INDISPENSABLE PARTIES:


Section 7, Rule 3 of the 1997 Rules of Civil Procedure provides:

SEC. 7 – Compulsory joinder of indispensable parties. - Parties in interest without whom no final determination can be had of an action shall be joined as plaintiffs or defendants.

                The test to determine if a party is an indispensable party is as follows:

An indispensable party is a party who has an interest in the controversy or subject matter that a final adjudication cannot be made, in his absence, without injuring or affecting that interest, a party who has not only an interest in the subject matter of the controversy, but also has an interest of such nature that a final decree cannot be made without affecting his interest or leaving the controversy in such a condition that its final determination may be wholly inconsistent with equity and good conscience. It has also been considered that an indispensable party is a person in whose absence there cannot be a determination between the parties already before the court which is effective, complete or equitable. Further, an indispensable party is one who must be included in an action before it may properly go forward.

            A person who is not an indispensable party, however, if his interest in the controversy or subject matter is separable from the interest of the other parties, so that it will not necessarily be directly or injuriously affected by a decree which does complete justice between them. Also, a person is not an indispensable party if his presence would merely permit a complete relief between him and those already parties to the action, or if he has no interest in the subject matter of the action.
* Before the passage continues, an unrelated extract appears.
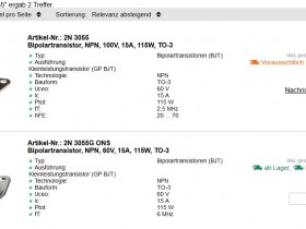 Aber was nützt es, wenn die 2N3055 noch neu produziert werden, aber die Werte mit dem Datenblatt nicht passsen?
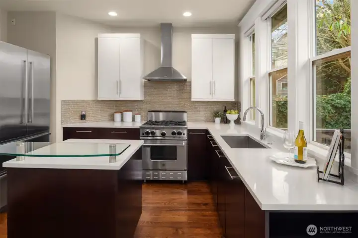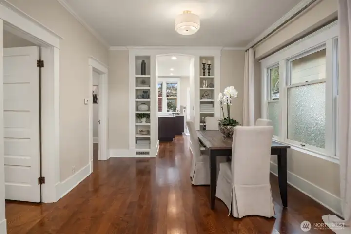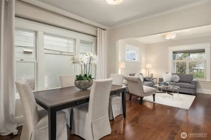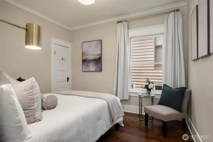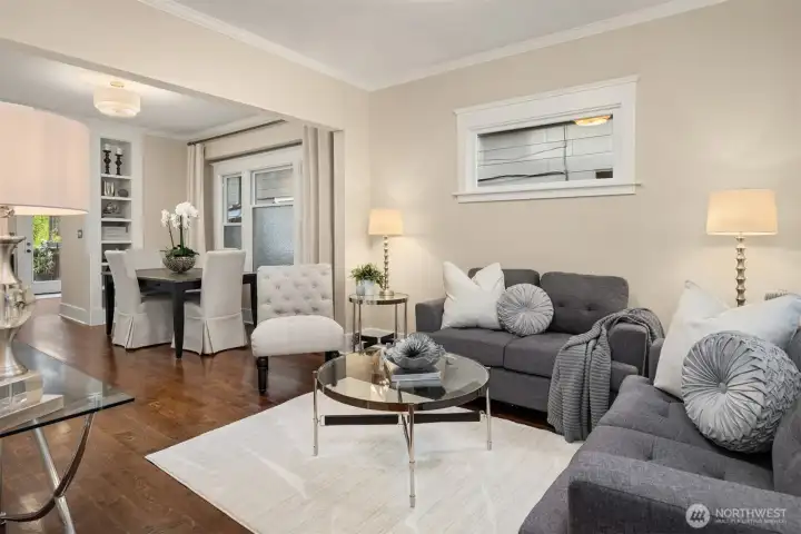 Charming Queen Anne Craftsman in an unbeatable location! Beautifully maintained 3 bed/1.75 bath home offering privacy & vibrant city living. Covered front porch & mature landscaping create inviting curb appeal, while a partially shaded yard & sun filled deck provide peaceful outdoor living with space for gardening. Light-filled main level features 9-foot ceilings, crown molding, fresh paint, abundant natural light, and classic built-ins that blend timeless appeal with functionality. Updated kitchen includes quartz countertops, gas range, center island for prep and gathering, and spacious pantry for convenient storage. Finished lower level offers flexible living options with cozy den featuring a gas fireplace, additional bedroom, and finished storage area not included in listed square footage. Separate egress/ingress enhances versatility for guests, multi-generational living, or potential rental use. A private backyard with garden beds & a peaceful water feature. Relax on the sunny deck with a chilled glass of wine and unwind. Ideally located near Trader Joe’s, Safeway, Macrina Bakery, Salt & Straw, How to Cook a Wolf, and numerous cafés, restaurants, and shops. Coe Elementary, Big Howe Park, Queen Anne Community Center, and the seasonal Farmers Market are just blocks away. Convenient access to bus lines, Microsoft Connector, and Amazon shuttles makes commuting simple. Enjoy the energy and convenience of metropolitan living while coming home to privacy and neighborhood charm.

It is not a sufficient reason to declare a person to be an indispensable party that his presence will avoid multiple litigation.( Lagunilla v. Velasco, G.R. No. 169276, 16 June 2009, 589 SCRA 224, 232-233 citing Regner v. Logarta, G.R. No. 168747, 19 October 2007, 537 SCRA 277 and Arcelona v. Court of Appeals, 345 Phil. 250 (1997). (Aquilino R. Pimentel, Jr.  et al. vs. Senate Committee of the Whole, G.R. No. 187714, March 8, 2011, CARPIO, J.).